--- START ---

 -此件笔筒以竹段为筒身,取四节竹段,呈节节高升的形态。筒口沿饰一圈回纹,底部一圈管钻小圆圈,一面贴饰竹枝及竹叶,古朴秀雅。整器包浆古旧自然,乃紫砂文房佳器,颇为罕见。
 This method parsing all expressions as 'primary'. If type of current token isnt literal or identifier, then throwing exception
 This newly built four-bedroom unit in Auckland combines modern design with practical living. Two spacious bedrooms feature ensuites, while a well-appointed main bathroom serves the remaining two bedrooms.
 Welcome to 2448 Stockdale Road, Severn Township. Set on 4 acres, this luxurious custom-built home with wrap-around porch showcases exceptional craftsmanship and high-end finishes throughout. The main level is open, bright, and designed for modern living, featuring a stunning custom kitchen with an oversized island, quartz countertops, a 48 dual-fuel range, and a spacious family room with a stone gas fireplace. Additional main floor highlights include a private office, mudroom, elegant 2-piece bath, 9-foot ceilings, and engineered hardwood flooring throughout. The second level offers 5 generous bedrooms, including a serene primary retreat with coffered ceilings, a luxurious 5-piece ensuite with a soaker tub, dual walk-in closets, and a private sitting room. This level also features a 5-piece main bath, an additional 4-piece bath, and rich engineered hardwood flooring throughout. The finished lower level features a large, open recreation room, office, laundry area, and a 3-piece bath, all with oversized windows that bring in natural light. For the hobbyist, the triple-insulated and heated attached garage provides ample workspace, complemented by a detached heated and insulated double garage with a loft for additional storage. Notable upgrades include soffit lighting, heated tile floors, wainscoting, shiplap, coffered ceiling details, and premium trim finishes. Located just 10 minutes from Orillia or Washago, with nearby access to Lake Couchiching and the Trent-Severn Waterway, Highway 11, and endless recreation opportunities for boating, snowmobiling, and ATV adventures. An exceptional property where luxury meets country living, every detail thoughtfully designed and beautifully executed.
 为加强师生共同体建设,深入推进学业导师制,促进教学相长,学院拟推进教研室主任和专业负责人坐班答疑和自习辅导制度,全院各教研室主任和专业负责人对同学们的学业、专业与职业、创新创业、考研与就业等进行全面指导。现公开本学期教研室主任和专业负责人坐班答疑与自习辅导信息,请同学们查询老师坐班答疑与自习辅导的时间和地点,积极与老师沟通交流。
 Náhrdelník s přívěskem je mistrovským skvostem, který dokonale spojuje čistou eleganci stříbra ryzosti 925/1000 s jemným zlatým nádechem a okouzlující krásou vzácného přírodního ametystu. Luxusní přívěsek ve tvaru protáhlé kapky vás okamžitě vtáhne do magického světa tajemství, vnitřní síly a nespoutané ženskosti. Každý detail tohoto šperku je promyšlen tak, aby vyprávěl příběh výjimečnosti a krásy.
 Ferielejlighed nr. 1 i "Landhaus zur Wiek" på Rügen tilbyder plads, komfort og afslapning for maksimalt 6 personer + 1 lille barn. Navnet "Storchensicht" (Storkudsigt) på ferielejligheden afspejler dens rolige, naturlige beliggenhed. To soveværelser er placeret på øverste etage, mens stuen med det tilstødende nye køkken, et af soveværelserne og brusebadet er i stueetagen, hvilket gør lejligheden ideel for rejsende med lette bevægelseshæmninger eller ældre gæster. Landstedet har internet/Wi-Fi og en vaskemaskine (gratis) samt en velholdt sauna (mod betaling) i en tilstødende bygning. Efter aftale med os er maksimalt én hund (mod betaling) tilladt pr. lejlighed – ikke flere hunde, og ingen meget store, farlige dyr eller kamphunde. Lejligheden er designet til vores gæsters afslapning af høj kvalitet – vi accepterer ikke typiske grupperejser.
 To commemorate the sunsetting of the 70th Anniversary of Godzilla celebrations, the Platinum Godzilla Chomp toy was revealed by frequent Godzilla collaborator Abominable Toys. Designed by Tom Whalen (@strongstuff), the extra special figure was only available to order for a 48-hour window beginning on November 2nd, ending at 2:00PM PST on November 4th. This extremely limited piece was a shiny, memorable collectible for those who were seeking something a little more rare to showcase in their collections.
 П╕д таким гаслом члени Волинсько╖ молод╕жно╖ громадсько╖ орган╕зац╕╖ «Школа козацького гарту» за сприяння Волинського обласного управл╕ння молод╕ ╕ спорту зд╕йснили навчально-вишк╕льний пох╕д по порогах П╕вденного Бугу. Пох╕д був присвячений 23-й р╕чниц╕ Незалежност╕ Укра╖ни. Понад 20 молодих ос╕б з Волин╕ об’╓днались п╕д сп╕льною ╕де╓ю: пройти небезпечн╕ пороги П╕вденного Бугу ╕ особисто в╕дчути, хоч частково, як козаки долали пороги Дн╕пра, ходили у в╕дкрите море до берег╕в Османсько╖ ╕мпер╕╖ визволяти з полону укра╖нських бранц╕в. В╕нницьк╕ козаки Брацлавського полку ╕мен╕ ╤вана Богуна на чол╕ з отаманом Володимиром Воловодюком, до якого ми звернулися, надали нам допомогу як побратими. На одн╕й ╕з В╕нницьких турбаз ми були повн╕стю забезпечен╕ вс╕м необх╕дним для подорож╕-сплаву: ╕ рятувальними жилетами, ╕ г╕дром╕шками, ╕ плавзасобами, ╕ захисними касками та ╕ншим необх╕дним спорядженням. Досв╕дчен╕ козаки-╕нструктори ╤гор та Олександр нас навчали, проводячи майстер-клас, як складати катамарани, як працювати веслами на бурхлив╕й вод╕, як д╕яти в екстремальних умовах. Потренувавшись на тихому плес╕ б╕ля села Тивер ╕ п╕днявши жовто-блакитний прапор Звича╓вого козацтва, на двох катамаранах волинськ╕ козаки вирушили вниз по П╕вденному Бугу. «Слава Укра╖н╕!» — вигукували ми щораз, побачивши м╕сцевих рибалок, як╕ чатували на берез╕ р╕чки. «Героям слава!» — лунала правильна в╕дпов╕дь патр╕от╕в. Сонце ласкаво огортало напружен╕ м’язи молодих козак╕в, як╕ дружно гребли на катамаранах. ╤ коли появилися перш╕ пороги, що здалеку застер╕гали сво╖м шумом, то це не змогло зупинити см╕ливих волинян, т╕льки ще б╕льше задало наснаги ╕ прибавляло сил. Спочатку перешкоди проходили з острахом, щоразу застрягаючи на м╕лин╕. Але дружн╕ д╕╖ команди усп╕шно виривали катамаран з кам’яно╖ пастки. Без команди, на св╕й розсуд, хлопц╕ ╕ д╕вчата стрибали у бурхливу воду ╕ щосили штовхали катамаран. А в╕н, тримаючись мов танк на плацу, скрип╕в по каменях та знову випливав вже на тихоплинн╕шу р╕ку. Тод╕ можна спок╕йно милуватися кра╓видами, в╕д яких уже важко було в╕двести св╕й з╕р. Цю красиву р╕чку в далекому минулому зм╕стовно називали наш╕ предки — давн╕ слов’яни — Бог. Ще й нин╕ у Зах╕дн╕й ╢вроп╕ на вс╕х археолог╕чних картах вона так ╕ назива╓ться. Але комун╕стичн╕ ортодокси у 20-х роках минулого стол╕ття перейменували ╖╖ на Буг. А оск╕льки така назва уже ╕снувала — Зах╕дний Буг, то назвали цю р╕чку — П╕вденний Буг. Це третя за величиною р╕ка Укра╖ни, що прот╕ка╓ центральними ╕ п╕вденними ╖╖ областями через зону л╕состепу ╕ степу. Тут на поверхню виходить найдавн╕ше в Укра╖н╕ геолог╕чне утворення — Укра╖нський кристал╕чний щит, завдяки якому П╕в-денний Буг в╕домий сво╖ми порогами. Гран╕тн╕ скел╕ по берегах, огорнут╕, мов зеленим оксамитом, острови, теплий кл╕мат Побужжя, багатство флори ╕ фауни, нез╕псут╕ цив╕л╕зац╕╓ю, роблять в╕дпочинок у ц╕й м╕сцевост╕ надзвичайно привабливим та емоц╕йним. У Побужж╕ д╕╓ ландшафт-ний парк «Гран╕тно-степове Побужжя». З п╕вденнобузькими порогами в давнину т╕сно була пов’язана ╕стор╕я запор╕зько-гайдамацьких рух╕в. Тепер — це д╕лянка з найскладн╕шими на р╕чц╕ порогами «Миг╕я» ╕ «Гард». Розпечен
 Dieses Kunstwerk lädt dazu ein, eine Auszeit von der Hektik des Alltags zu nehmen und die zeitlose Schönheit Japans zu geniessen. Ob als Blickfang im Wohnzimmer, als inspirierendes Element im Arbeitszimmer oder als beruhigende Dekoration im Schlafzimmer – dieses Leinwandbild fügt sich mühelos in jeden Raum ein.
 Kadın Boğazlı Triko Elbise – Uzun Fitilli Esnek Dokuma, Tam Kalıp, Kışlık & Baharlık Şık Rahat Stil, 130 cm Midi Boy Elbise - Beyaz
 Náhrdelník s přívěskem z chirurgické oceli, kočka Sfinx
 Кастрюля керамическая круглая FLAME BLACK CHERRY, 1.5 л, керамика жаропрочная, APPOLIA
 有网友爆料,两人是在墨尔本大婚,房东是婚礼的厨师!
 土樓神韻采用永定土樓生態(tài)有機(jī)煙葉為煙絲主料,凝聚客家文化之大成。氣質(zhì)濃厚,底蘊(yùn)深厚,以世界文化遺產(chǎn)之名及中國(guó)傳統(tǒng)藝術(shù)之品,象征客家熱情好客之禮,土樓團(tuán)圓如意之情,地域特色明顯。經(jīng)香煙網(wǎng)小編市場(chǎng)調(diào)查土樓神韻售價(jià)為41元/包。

--- END ---

[AIM OF THE EXERCISE] Reproduce all lines from the records above that include the word "přívěskem".

[EXERCISE RESULT]
 Náhrdelník s přívěskem je mistrovským skvostem, který dokonale spojuje čistou eleganci stříbra ryzosti 925/1000 s jemným zlatým nádechem a okouzlující krásou vzácného přírodního ametystu. Luxusní přívěsek ve tvaru protáhlé kapky vás okamžitě vtáhne do magického světa tajemství, vnitřní síly a nespoutané ženskosti. Každý detail tohoto šperku je promyšlen tak, aby vyprávěl příběh výjimečnosti a krásy.
 Náhrdelník s přívěskem z chirurgické oceli, kočka Sfinx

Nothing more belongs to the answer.